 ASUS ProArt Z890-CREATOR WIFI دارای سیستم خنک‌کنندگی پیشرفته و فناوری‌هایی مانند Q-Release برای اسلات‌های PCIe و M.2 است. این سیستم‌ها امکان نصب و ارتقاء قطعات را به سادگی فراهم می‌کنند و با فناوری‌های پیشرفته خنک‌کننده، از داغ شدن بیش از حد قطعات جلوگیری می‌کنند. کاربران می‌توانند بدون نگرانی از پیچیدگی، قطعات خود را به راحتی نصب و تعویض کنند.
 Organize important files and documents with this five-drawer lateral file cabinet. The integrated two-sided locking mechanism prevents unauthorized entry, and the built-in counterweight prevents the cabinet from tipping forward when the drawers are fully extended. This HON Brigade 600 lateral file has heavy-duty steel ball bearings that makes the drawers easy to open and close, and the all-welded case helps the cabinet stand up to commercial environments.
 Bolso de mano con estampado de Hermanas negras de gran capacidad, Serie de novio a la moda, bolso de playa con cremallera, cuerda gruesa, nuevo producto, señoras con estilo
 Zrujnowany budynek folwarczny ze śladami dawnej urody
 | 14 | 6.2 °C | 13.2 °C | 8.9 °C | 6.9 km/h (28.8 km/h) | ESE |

* * *

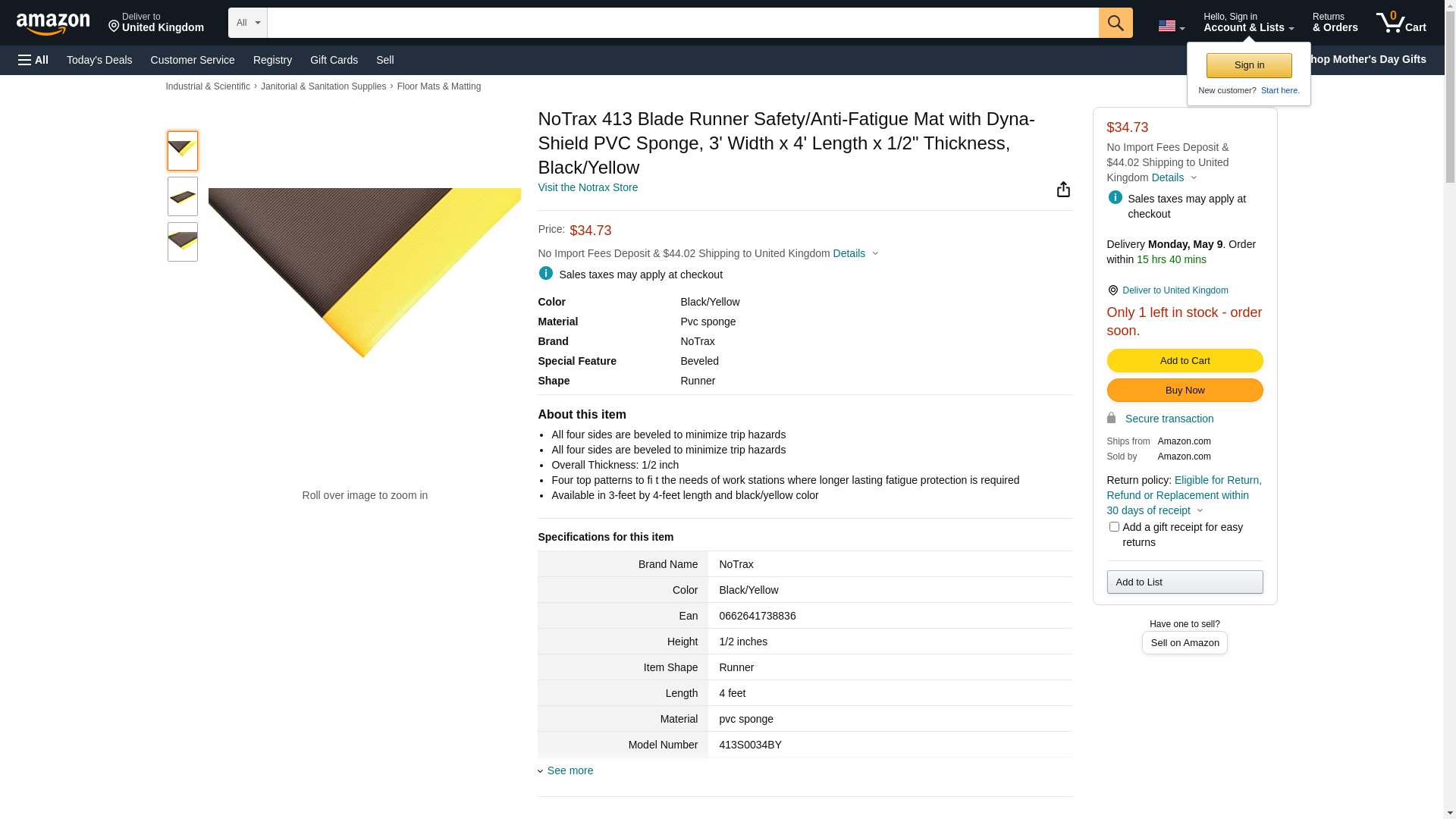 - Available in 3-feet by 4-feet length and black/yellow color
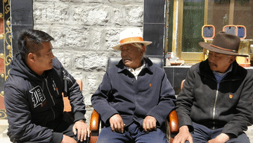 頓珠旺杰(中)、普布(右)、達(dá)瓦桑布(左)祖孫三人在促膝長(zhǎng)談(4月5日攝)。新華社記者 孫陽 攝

◆ Brief ◆
Please transcribe exactly the lines above from the line that has "Organize important files" up to and including the line that has "km/h) | ESE |"; no other line belongs in the answer.

◆ Response to the exercise ◆
 Organize important files and documents with this five-drawer lateral file cabinet. The integrated two-sided locking mechanism prevents unauthorized entry, and the built-in counterweight prevents the cabinet from tipping forward when the drawers are fully extended. This HON Brigade 600 lateral file has heavy-duty steel ball bearings that makes the drawers easy to open and close, and the all-welded case helps the cabinet stand up to commercial environments.
 Bolso de mano con estampado de Hermanas negras de gran capacidad, Serie de novio a la moda, bolso de playa con cremallera, cuerda gruesa, nuevo producto, señoras con estilo
 Zrujnowany budynek folwarczny ze śladami dawnej urody
 | 14 | 6.2 °C | 13.2 °C | 8.9 °C | 6.9 km/h (28.8 km/h) | ESE |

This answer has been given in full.